God patterns our lives with this reciprocity, this mutuality. Yet, we buck and oppose God’s ordering. We compete for resources and hoard what we have. We double down on our certainties and fail to investigate the wisdom of others. We divide ourselves into us vs. them, and place the natural world beneath us, as our submissive subject rather than our equitable partner. The seeds we sow determine our future reality. If we sow seeds of division, of subjugation, of opposition, we will harvest poverty, hatred and violence. But if we sow seeds of justice, equity and peace, we will harvest a world where all can flourish.

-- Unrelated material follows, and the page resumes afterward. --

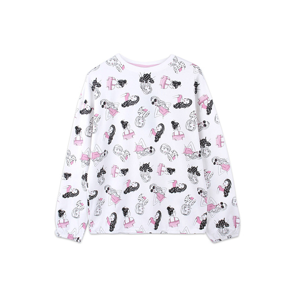 Хлопковый лонгслив для девочек на каждый день. Выполнена в белом цвете с ярким принтом в виде изображений девушек в розовых и черных тонах. Будет хорошо смотреться с джинсами или юбками подходящего оттенка.Лонгслив — это базовый элемент гардероба. Благодаря достаточно свободному крою ребенку будет в ней удобно и комфортно. Кофта никак не стесняет и не ограничивает движения.

Jesus taught in parables to help us recognize the truth of who we are and who we could become. Emily Dickinson famously wrote “Tell the truth but tell it slant” because “the Truth must dazzle gradually.” Jesus follows this model. In Mark 4:26-34, the truth is revealed in a parable about a tenacious seed, scattered by a gardener, that grows to offer abundance. This process is a mystery to the gardener, but not to Jesus — the One who teaches us that walking in the path of love, respect and harmony leads to a world where no one goes unfed.

Questions for reflection

  1. What thoughts, ideas, images or feelings arose as you read this passage?
  2. What examples of our interdependence can you share? Interdependence with other people? Interdependence with nature?
  3. What can you or your church do to be a co-creator of the Kingdom of God, building a world where no one goes unfed?